'''
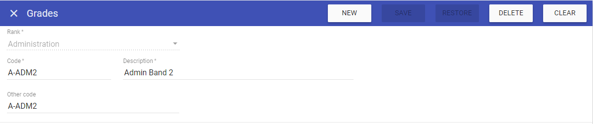 Rank: Choose the rank from the predetermined list for which the grade belongs to.
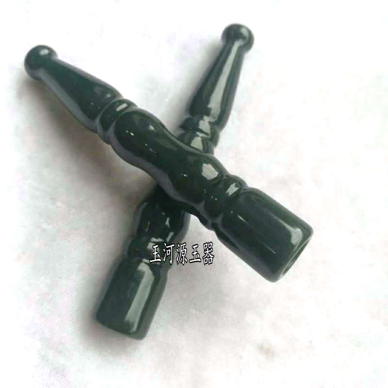 Natural and field jade cigarette holder male and female, tobacco-style old cigarette holder natural Qingyu cigarette holder filter tip with certificate
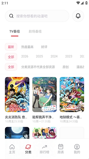 2、点击分类选项可以筛选感兴趣的动漫番剧。
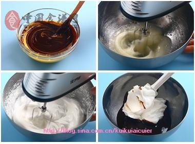 檸檬汁,將蛋白打至8分發(fā),中間分三次加入細砂糖(參見蛋白的打發(fā))。
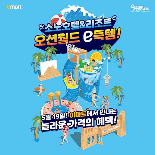 이마트, 워터파크 시즌이 돌아왔다 이마트X소노호텔앤리조트와 손잡고 숙박권, 워터파크 이용권 판매이마트가 리조트 업계 1위 소노호텔앤리조트와 손잡고 숙박권, 워터파크 이용권 판매에 나선다. 사회적 거리 두기 해제 후 처음 맞이하는 물놀이 시즌인 만큼 국내, 국외를 가리지 않고 여행수요가 폭발할 것으로 전망되는 가운데 이마트가 관광/숙박 업계와 연계한 프로모션을 진행한다.
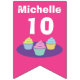 Cupcake theme kid's Birthday party custom Bunting Flags. Fun colourful design with name of child. Sweet treats baking celebration with children. Personalise with name and age.
'''
## Description of the task
Please transcribe, with no additions, the lines starting at the one that contains "檸檬汁,將蛋白打至8分發(f" and running through the last line of the entries, inclusive. Leave the pictures out.

## Answer for this exercise
 檸檬汁,將蛋白打至8分發(fā),中間分三次加入細砂糖(參見蛋白的打發(fā))。
 이마트, 워터파크 시즌이 돌아왔다 이마트X소노호텔앤리조트와 손잡고 숙박권, 워터파크 이용권 판매이마트가 리조트 업계 1위 소노호텔앤리조트와 손잡고 숙박권, 워터파크 이용권 판매에 나선다. 사회적 거리 두기 해제 후 처음 맞이하는 물놀이 시즌인 만큼 국내, 국외를 가리지 않고 여행수요가 폭발할 것으로 전망되는 가운데 이마트가 관광/숙박 업계와 연계한 프로모션을 진행한다.
 Cupcake theme kid's Birthday party custom Bunting Flags. Fun colourful design with name of child. Sweet treats baking celebration with children. Personalise with name and age.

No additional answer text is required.